WhatsApp AI Bot in Production: 3 Months, 50K Messages, Zero Downtime
The Challenge
My client had a problem: 200+ WhatsApp messages per day, 2 people answering, and still losing customers because response time was 2+ hours during peak times.
Their ask: "Can you make a bot that actually works?"
The Stack
WhatsApp Business API
|
Evolution API (self-hosted)
|
FastAPI Backend
|
Yoshii IA (Brazilian Portuguese LLM)
|
PostgreSQL + Redis
What Makes It Different
1. It Actually Understands Portuguese
Not translated English. Native Brazilian Portuguese.
Customer: "ce tem a blusa azul em P?"
(Informal: "u got the blue shirt in S?")
Bot: "Temos sim! A blusa azul ta disponivel em P, M e G.
Quer que eu reserve pra voce?"
2. Smart Handoff
Bot handles 80% of queries. Complex cases go to humans with full context:
if sentiment_score < 0.3 or is_complaint:
handoff_to_human(
conversation=conv,
reason="frustrated_customer",
context=summary
)
3. Business Hours Awareness
def get_response(message):
if not is_business_hours():
return BOT_RESPONSE # Full automation
elif human_available():
return HYBRID_MODE # Bot + human
else:
return BOT_RESPONSE # Fallback to bot
The Numbers (Real Data)
| Metric | Before | After |
|---|---|---|
| Avg Response Time | 2h 15min | 12 seconds |
| Messages/day handled | 80 | 200+ |
| Staff needed | 2 | 0.5 (oversight) |
| Customer satisfaction | 65% | 89% |
| Operating cost | $2,500/mo | $400/mo |
Lessons Learned the Hard Way
1. Rate Limiting is Real
WhatsApp will ban you if you send too many messages too fast.
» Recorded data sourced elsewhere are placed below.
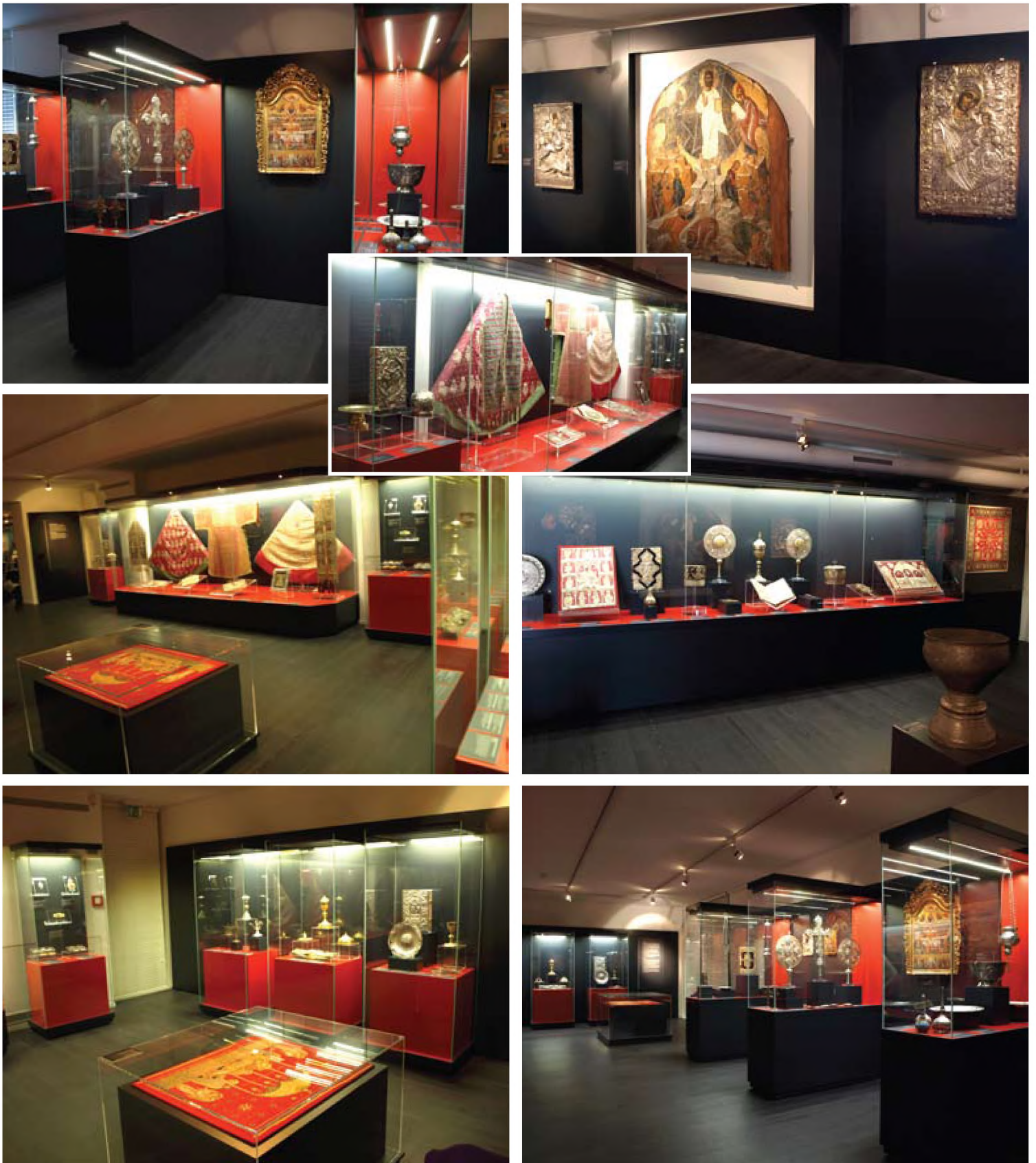
Απόψεις του μουσείου εκκλησιαστικής τέχνης στο Σαμπέζυ της Γενεύης
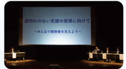
● パネルディスカッション
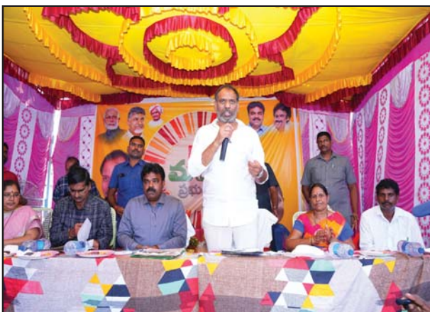
(షణ్ముఖ వెలుగు, సంతమాగులూరు, సెప్టెంబర్ 20)
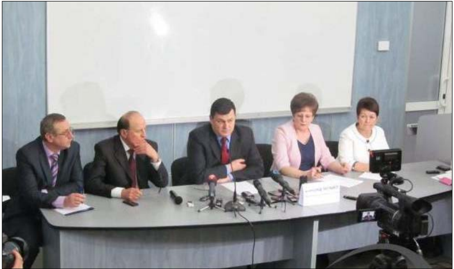
Зустріч з Міністром охорони здоров'я України О. Квіташвілі

async def send_message(to, text):
async with rate_limiter:
await asyncio.sleep(1) # Minimum delay
return await api.send(to, text)
2. Media Handling is Tricky
Customers send voice messages, images, videos. You need to handle all of them:
match message.type:
case "text":
return process_text(message)
case "audio":
text = await whisper_transcribe(message.audio)
return process_text(text)
case "image":
return "Got your image! Let me take a look..."
3. Context is Everything
Store conversation history. Customers hate repeating themselves:
context = redis.get(f"conv:{phone_number}")
last_messages = context.messages[-5:] # Last 5 messages
response = llm.generate(
system="You are a helpful assistant...",
context=last_messages,
user_message=new_message
)
4. Graceful Degradation
LLM down? Have fallbacks:
try:
response = await yoshii_api.generate(prompt)
except TimeoutError:
response = FALLBACK_RESPONSES.get(
detect_intent(message),
"Sorry, having issues. Human will respond soon!"
)
The Architecture
+-------------+ +----------------+ +----------+
| WhatsApp |---->| Evolution API |---->| Webhook |
| Cloud API | | (self-hosted) | | Handler |
+-------------+ +----------------+ +----------+
|
+---------------------------+
|
+-----v-----+ +---------+
| Message |---->| Yoshii |
| Processor | | LLM API |
+-----------+ +---------+
|
+-----v-----+
| Response |
| Generator |
+-----------+
|
+-----v-----+
| Queue |-----> Send via WhatsApp
+-----------+
Cost Breakdown
| Item | Monthly Cost |
|---|---|
| WhatsApp Business API | $50 |
| VPS (4GB RAM) | $20 |
| LLM Inference (self-hosted) | $0 |
| Redis Cloud | $0 (free tier) |
| PostgreSQL | $0 (same VPS) |
| Total | $70/month |
Open Source
The LLM powering this is open source:
- Model: yoshii-ai/Yoshii-7B-BR
- Dataset: brazilian-customer-service-conversations
What's Next
- Voice message processing (Whisper integration)
- Proactive messaging (order status updates)
- Multi-language support
- Analytics dashboard
Building something similar? Happy to help in the comments!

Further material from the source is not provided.